Multiple myeloma can be a fatal disease. But if you are black or African American, you are particularly vulnerable. Research shows that you are more than twice as likely to be diagnosed with this blood cancer and die from it.

There are several reasons for this, but one concern is that blacks are not adequately represented in clinical trials. These are research studies that use human subjects to find out how safe and effective an experimental treatment is.

While Black people make up one-fifth of all people diagnosed with multiple myeloma, between 2003 and 2017 only 4.5 percent of people in multiple myeloma drug trials were Black. But it’s important that they are represented to better understand how they may be affected, says Nicole Gormley, MD, director of the FDA’s Division of Hematologic Malignancies 2. She is co-author of a research article on the topic.

“At the FDA, we use information obtained from clinical trials to understand the safety and effectiveness of drugs proposed to treat multiple myeloma,” Gormley says. “Diversity is needed in clinical trials so that we can learn the activity and side effects of these products in all patients who may ultimately receive the drug.”

There are several reasons why black people are less likely to participate in clinical trials, says Anne Quinn Young, MPH, chief mission officer of the Multiple Myeloma Research Foundation. They include:

Lack of information. Doctors play an important role when it comes to clinical trial enrollment. However, previous research has found that most black cancer patients, for example, say their doctors have never talked to them about the possibility of participating in a clinical trial.

“There’s a lot of implicit bias out there, meaning doctors have a lot of stereotypes or assumptions about their African-American patients that they don’t even realize,” Young says. A common one is that blacks will be less compliant with a study due to difficulties such as arranging transportation or medical care.

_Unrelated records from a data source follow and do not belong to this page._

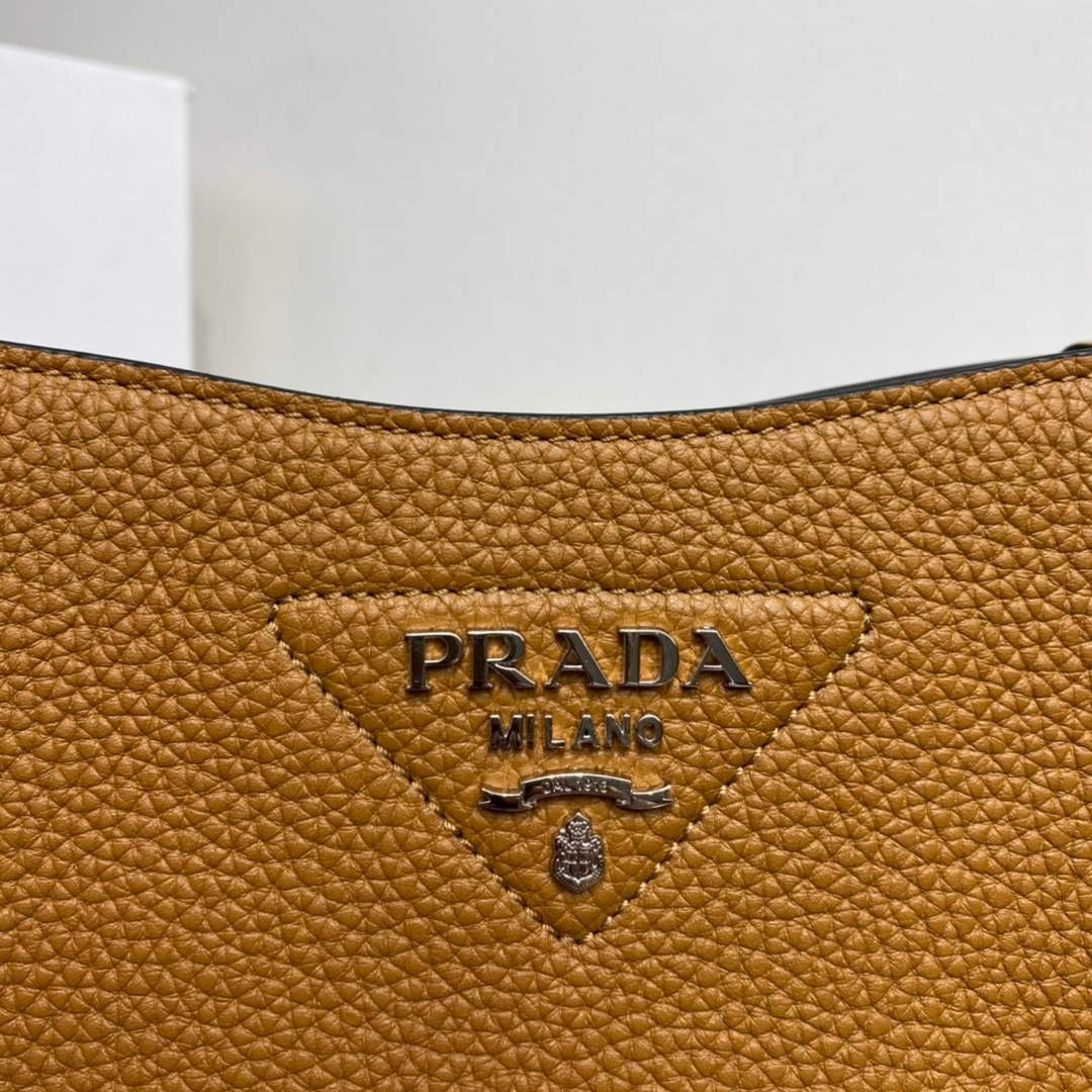 Prada 1BH191 Leather mini shoulder bag tan on sale now.
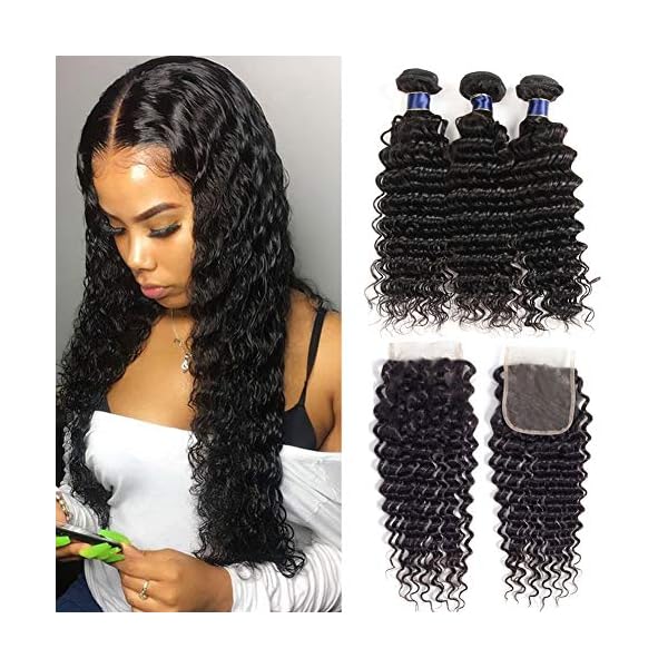 Healthair Brazilian Deep Wave Bundles with Closure Upgrade 8A+ Human Hair Bundles with Closure 100% Unprocessed Virgin Brazilian Curly Hair Bundles with Closure (12 14 16+10, Bundles with Closure)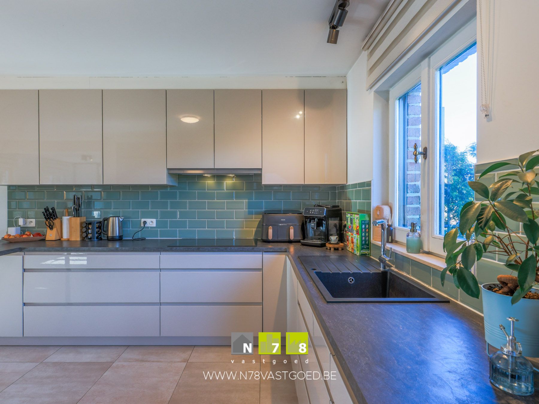 - Keuken (3,78m x 7,42m = 28,05m²) geïnstalleerd met onder- en bovenkasten, lades, vaatwasser, microgolf- en heteluchtoven, inductiekookplaat en dampkap, achteringang, tegelvloer.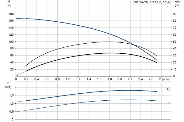 Насос Grundfos SP 2A-28 создан с применением новейших гидравлических технологий. Grundfos SP 2A-28 созданные специально для того, чтобы обеспечивать максимальную эффективность в периоды высокой нагрузки, насос имеет низкую стоимость и высокую надёжность эксплуатации вне зависимости от вида назначения. Grundfos SP 2A-28 обеспечивает высокую эффективность, высокое сопротивление абразивному износу (песку и иным абразивам), защиту от перегрева двигателя и простоту технического обслуживания. Также доступна готовая к применению система контроля и управления, предназначенная для постоянной оптимизации работы насосной системы. Максимальная производительность насоса 2.6 м3/час, максимальный напор 168 м при мощности электродвигателя 1500 Вт. Насос работает от сети 220 в. Гарантийный срок на насос Grundfos SP 2A-28 составляет 2 года.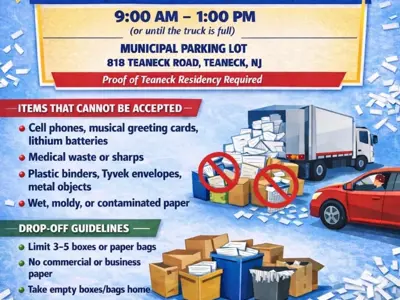 Proof of residency required. ONLY PERSONAL PAPER and DOCUMENTS. Anything non-paper will be turned away. Wet/contaminated paper will be turned away. LIMIT 3-5boxes or paper bags. Empty boxes and bags go home with you.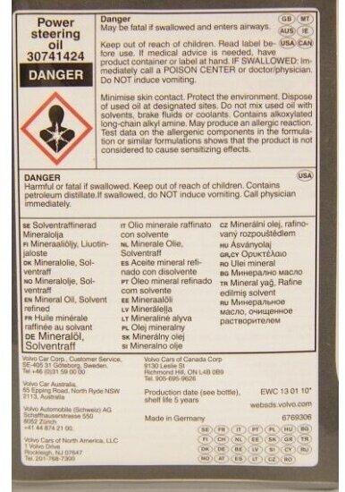Type: power steering fluid, application: hydraulic system, electric power steering, composition: mineral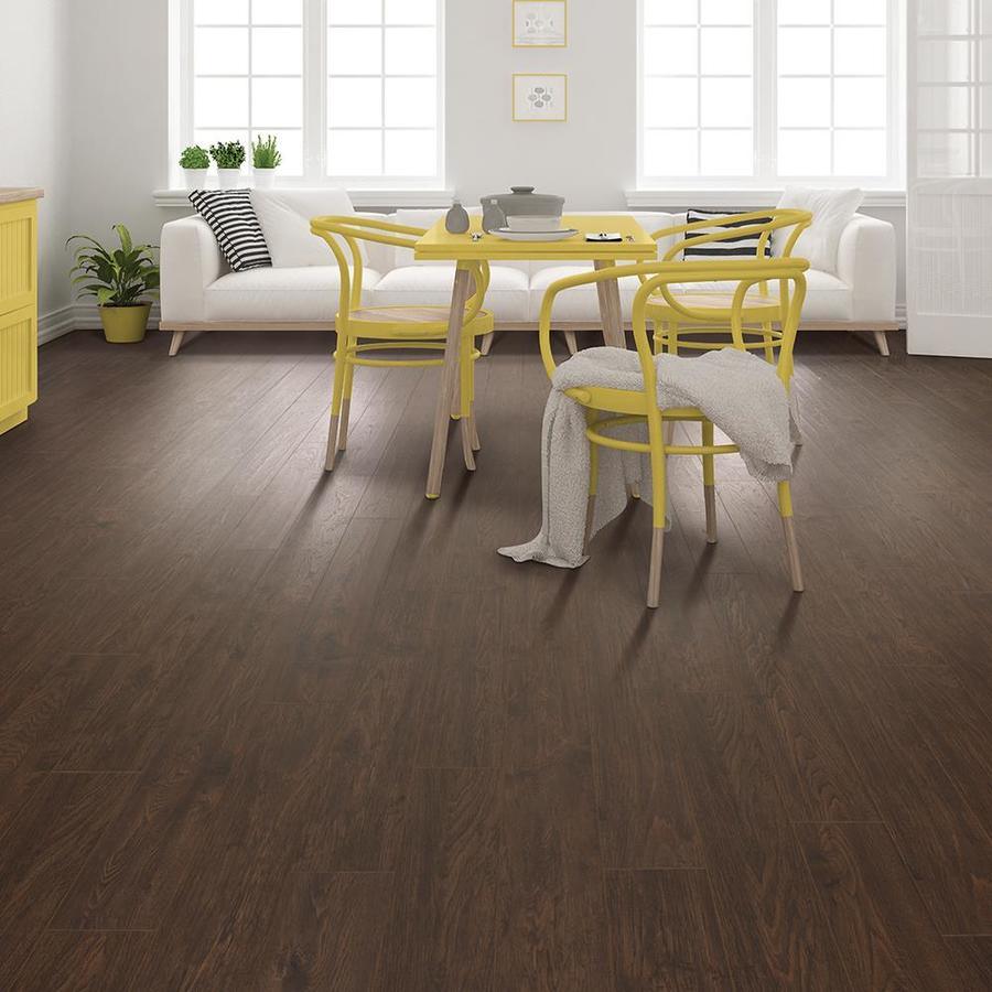 This dark brown floor complements lighter neutral walls and balances darker, bolder hues Trends may come and go, but Quick-Step Studio floors are designed to complement any style dcor with natural color shading and grain This laminate floor features and attached underlayment pad saving you both time and money Can also be installed on walls to add warmth to rooms and style to spaces 10mm thickness for greater stability and sound control Easy to install locking system requires no glue and makes installing a laminate floor an easy DIY project - coordinated mouldings available Underlayment attached, but for enhanced performance we recommend Pergo Gold™ for increased thermal comfort and sound insulation plus it has a built in moisture barrier 6.14-in W x 3.93-ft L x 10mm thick planks cover 16.12-sq.ft FloorScore® certified and TSCA Title VI compliant

Distrust in the medical system. In the past, black people have been enrolled in clinical trials without their consent. An example is the infamous Tuskegee Syphilis Study, where patients were not offered available treatments. “As an African American physician, I understand the reluctance to participate in clinical trials based on historical injustices,” Gormley says. “But clinical trials often present patients with the best opportunity to receive cutting-edge therapy and advanced clinical care.”

Financial barriers. Research shows that people living in households earning less than $50,000 a year are 27 percent less likely to participate in clinical trials. The median family income for black households is approximately $40,000. Some treatments require you to take time off work from 2 weeks to a month, Quinn says. Other experimental treatments may require you to spend 48 to 72 hours in the hospital. That’s just not possible for some people, Quinn says, especially since days off from work and childcare are not covered by clinical trials. Additionally, some patients may have difficulty getting to enrollment sites for clinical trials, Gormley says.

Strict inclusion criteria. A study of 235 African American cancer patients found that fewer than 10 percent were eligible, and most patients were excluded for coexisting illnesses such as respiratory failure, HIV, or anemia. “There are also differences in laboratory values ​​such as hemoglobin. African Americans tend to have lower values ​​than (whites),’ Quinn says. As a result, they may be excluded from a trial simply because of normal laboratory differences due to race.

In April 2022, the FDA issued new draft guidance to drug developers on ways to develop plans that will include more minority participants in clinical trials.

“Addressing this problem will require a concerted effort from the entire community: physicians, industry, academia, patient advocacy groups and regulatory agencies,” Gormley says.

Some ways include:

Expand eligibility criteria. Some studies automatically reject patients with conditions such as high blood pressure and kidney disease. But black people are more likely to suffer from these diseases. If restrictions are relaxed, researchers can collect more data on certain racial and ethnic groups.

Require diversity curricula. This would mean that trial sponsors must complete a plan that establishes goals for enrolling a diverse set of patients. If it is not possible to do this during a trial, then they should plan to achieve that goal after the drug gains FDA approval.

Appoint diversity managers. They can help with trial design to ensure it includes disease subtypes and characteristics most commonly seen in black people, as well as recruitment. “It helps ensure a continued focus on diverse representation in clinical trials,” Gormley says.

Take advantage of community medical centers. Clinical trials are usually carried out in large academic and research centers in major cities. However, 70 to 80 percent of African Americans receive health care locally in their community, Quinn says. “The Multiple Myeloma Research Foundation has tried to reach these patients directly, through a research study known as CureCloud, to encourage them to enroll in clinical trials, and we have found that it doesn’t work,” Quinn says. “To convince them we need the help of their doctors.”

Provide financial assistance. Groups like the Multiple Myeloma Research Foundation have started initiatives to ensure that funding is available for things like childcare, transportation, and lack of work, so they are not barriers to participation, Quinn says.

Study the specific features of multiple myeloma unique to African Americans. A landmark study by the Multiple Myeloma Research Foundation known as the CoMMpass Study found that there are important differences in key cancer genes in African Americans with multiple myeloma. Certain genetic defects, for example, appear to explain why the disease is more common in African Americans. These genetic differences must be recognized and addressed during trials, Gormley says.